Problem requirements: Reproduce, exactly and only, the lines of the data that follows from the one containing "Proyección cortometrajes premiados" down to the one containing "機(jī)器應(yīng)用", without pictures.

Provided material:

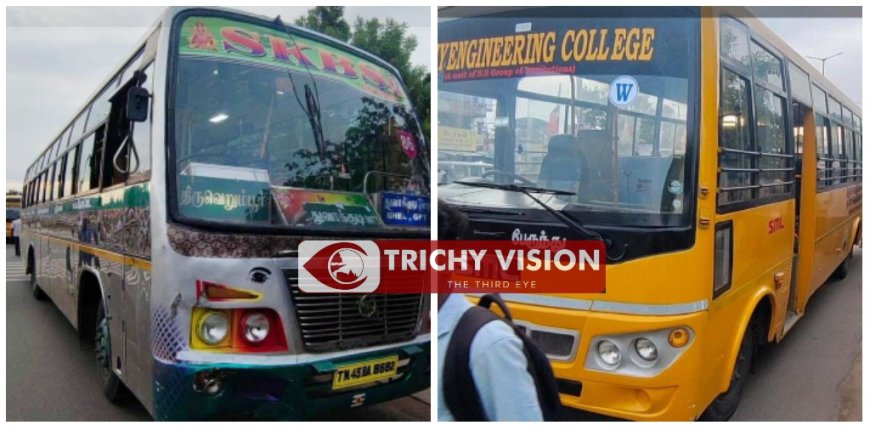 அப்போது திருவெறும்பூர் பேருந்து நிறுத்ததில் மாணவர்களை இறக்கிவிட்டு கிளம்பிய தனியார் கல்லூரி பேருந்தின் மீது உரசியதால் தனியார் பேருந்து ஜன்னல் கண்ணாடி உடைந்து குத்தியதில் தனியார் பேருந்தில் சென்ற பயனி ஒருவருக்கு கையில் காயம் ஏற்பட்டது.
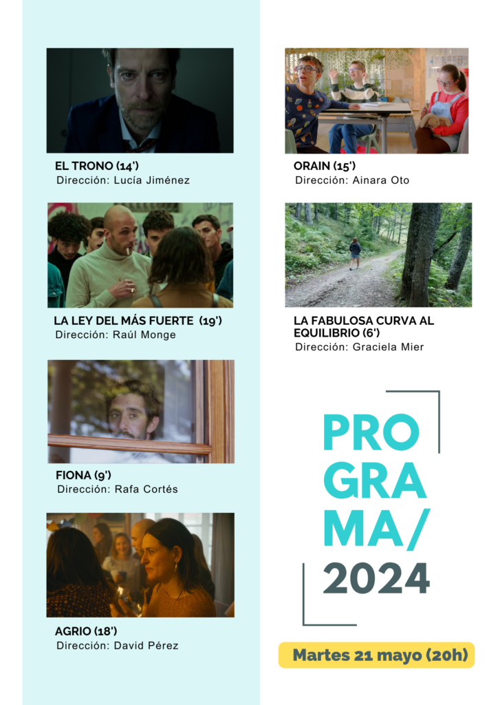 • Sábado 25 mayo, 20:30 h: Gala final entrega de premios presentada por Aroa Berrozpe. Proyección cortometrajes premiados
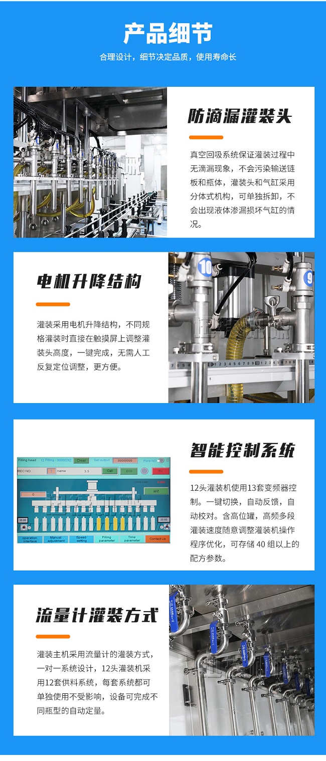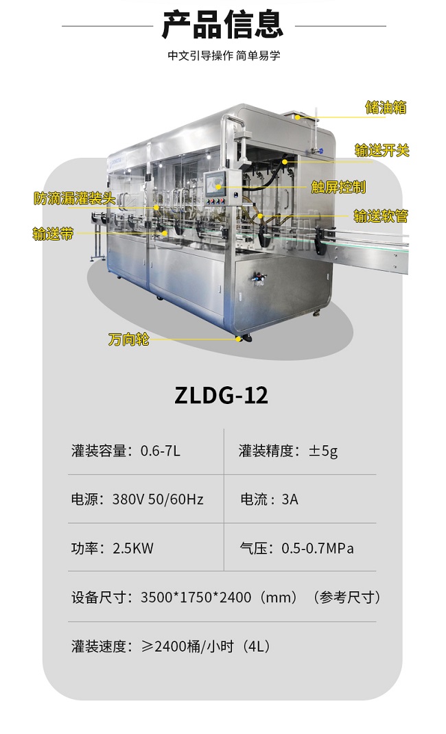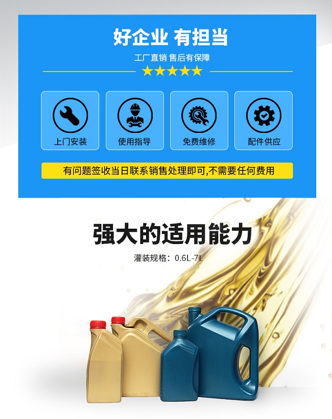 機(jī)器應(yīng)用范圍:1-10升通用型號(hào),機(jī)器采用流量計(jì)計(jì)量,觸摸屏控制,參數(shù)一鍵調(diào)整,方便快捷。可以灌裝各種油脂,油料。灌裝頭采用專用的油脂防滴漏灌裝頭,不滴漏。機(jī)器設(shè)定有快慢速技術(shù),可以先快后慢,防止物料噴濺。保持生產(chǎn)車間干凈潔凈。
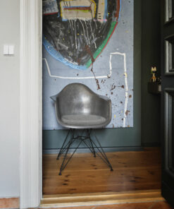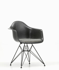 Den såkaldte Eiffeltårns base af DAR (Dining Height Armchair Rod Base), en indviklet og yndefuld konstruktion lavet af ståltråd, kombinerer lette, elegante former med strukturel styrke. For øget komfort fås Eames glasfiberstole også med en valgfri sædehynde.

Finished exercise:
 • Sábado 25 mayo, 20:30 h: Gala final entrega de premios presentada por Aroa Berrozpe. Proyección cortometrajes premiados
 機(jī)器應(yīng)用范圍:1-10升通用型號(hào),機(jī)器采用流量計(jì)計(jì)量,觸摸屏控制,參數(shù)一鍵調(diào)整,方便快捷。可以灌裝各種油脂,油料。灌裝頭采用專用的油脂防滴漏灌裝頭,不滴漏。機(jī)器設(shè)定有快慢速技術(shù),可以先快后慢,防止物料噴濺。保持生產(chǎn)車間干凈潔凈。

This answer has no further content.